The sheer _hatred_ for this device staggers me. It's become a joke! People
who've never used one call it ugly. They call it a waste. It's become a joke
of the industry, and I _have no clue why._ It's selling well, isn't it? It's
just selling to a niche audience of people who actually read things. So I
guess the joke has to do with the implied functionality, like your wonderful
joke implies.

I am an astute reader. I own a Kindle to go with my miniature library. I enjoy
cuddling up with my Kindle just as much as I would with any other book. The
screen is gorgeous. The _device_ is gorgeous. I've never understood the
mockery. No, it doesn't feel "high tech" and gleaming, it feels very down-to-
earth. It feels like a book ought to feel.

Now, I'm the sort of person who likes Shakespeare. And it's much easier to
have The Complete Shakespeare on a Kindle than it is to have it in a backpack.
I also have The Complete Asimov, and I'm considering The Complete Sherlock
Holmes.

The Kindle got me into reading P. G. Wodehouse for the first time, because his
stuff was free on Gutenberg. I managed to find a complete archive of Diana
Wynne Jones stories: they're for teens rather than adults, but they're still
very well-written and they're childhood favorites and I like that I can find
them and read them when I couldn't purchase half of them physically on Amazon.

When I got to a meet-up an hour early, I had my Kindle, and I could go and
search for half a dozen novels and read excerpts from each one. It's like
window shopping but you can do it anywhere.

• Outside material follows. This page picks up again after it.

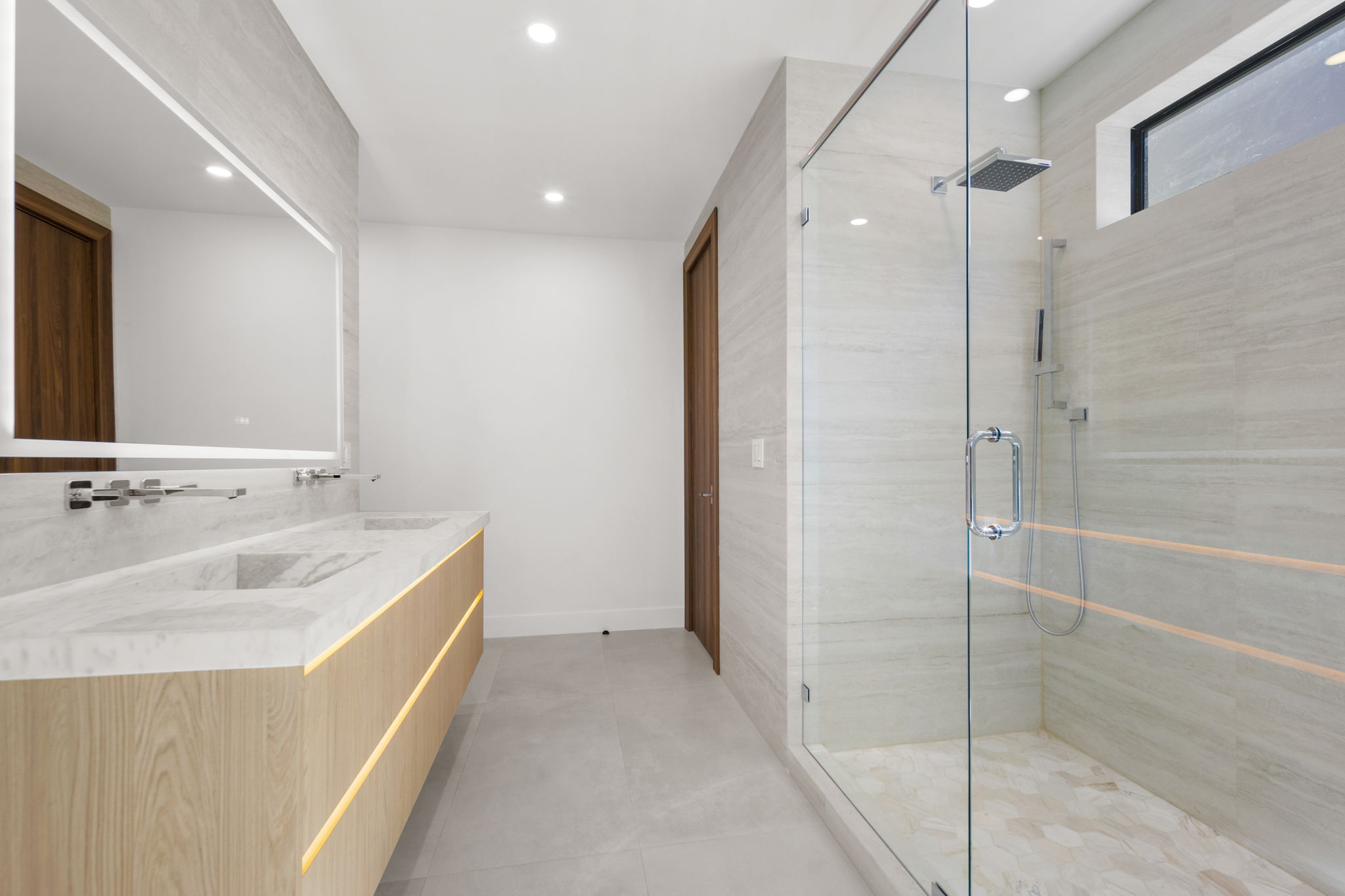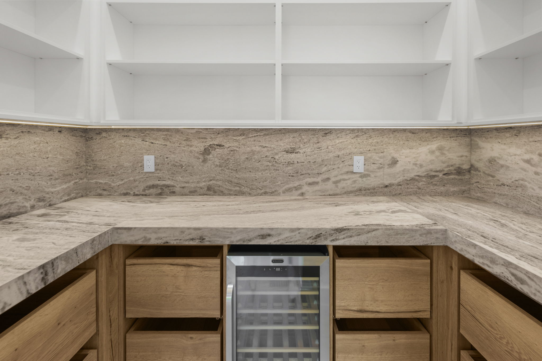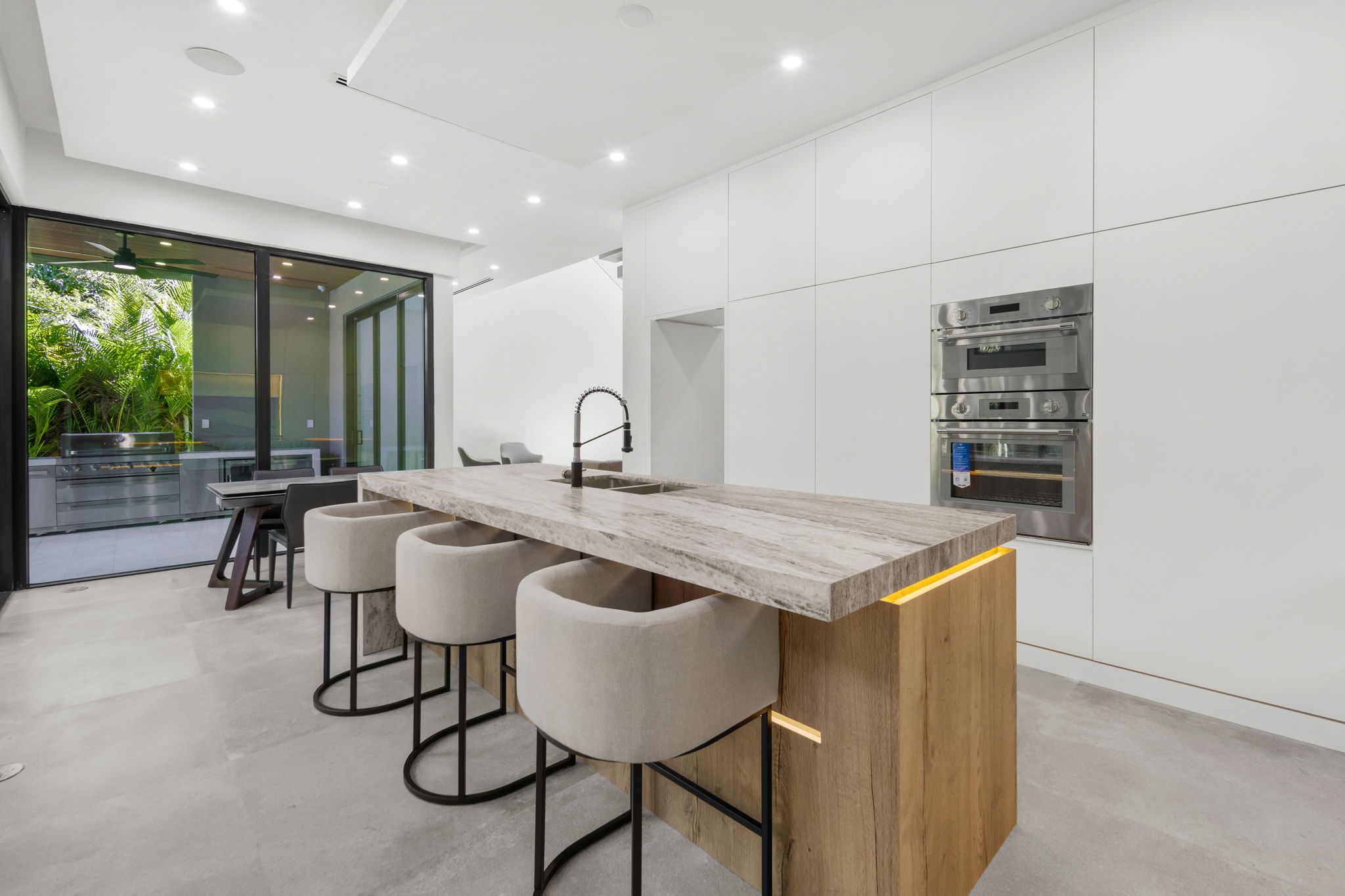 The gourmet kitchen is a highlight, equipped with top-of-the-line appliances, a generous oversized pantry, and beautiful stone countertops complemented by sleek cabinetry. Each bedroom offers custom built-out closets and en-suite bathrooms that underline the attention to detail throughout the residence. The emphasis on high-end finishes and accent lighting creates an inviting yet refined ambiance.

Not to mention the free wireless Internet I get everywhere, the NowNow asking
feature (which I've used several times to get quick feedback on projects), and
the music player, which I've loaded with Bach, and which isn't a _brilliant_
player but which makes for pleasant background music while I read. I value my
Kindle more than I value my iPod.

So, you who would mock the Kindle, try planning out a 7-hour train ride when
you read books often at the rate of one every 90 minutes. Try figuring out a
better way to store 200 books in a dorm room without cluttering everything to
hell. Try making a physical device that does as much, as unintrusively and as
beautifully as the Kindle does. _Then_ mock it. But I don't hear the Kindle
users complaining, and isn't that the important thing? The fact that the
people who _actually_ use the Kindle enjoy their product a lot?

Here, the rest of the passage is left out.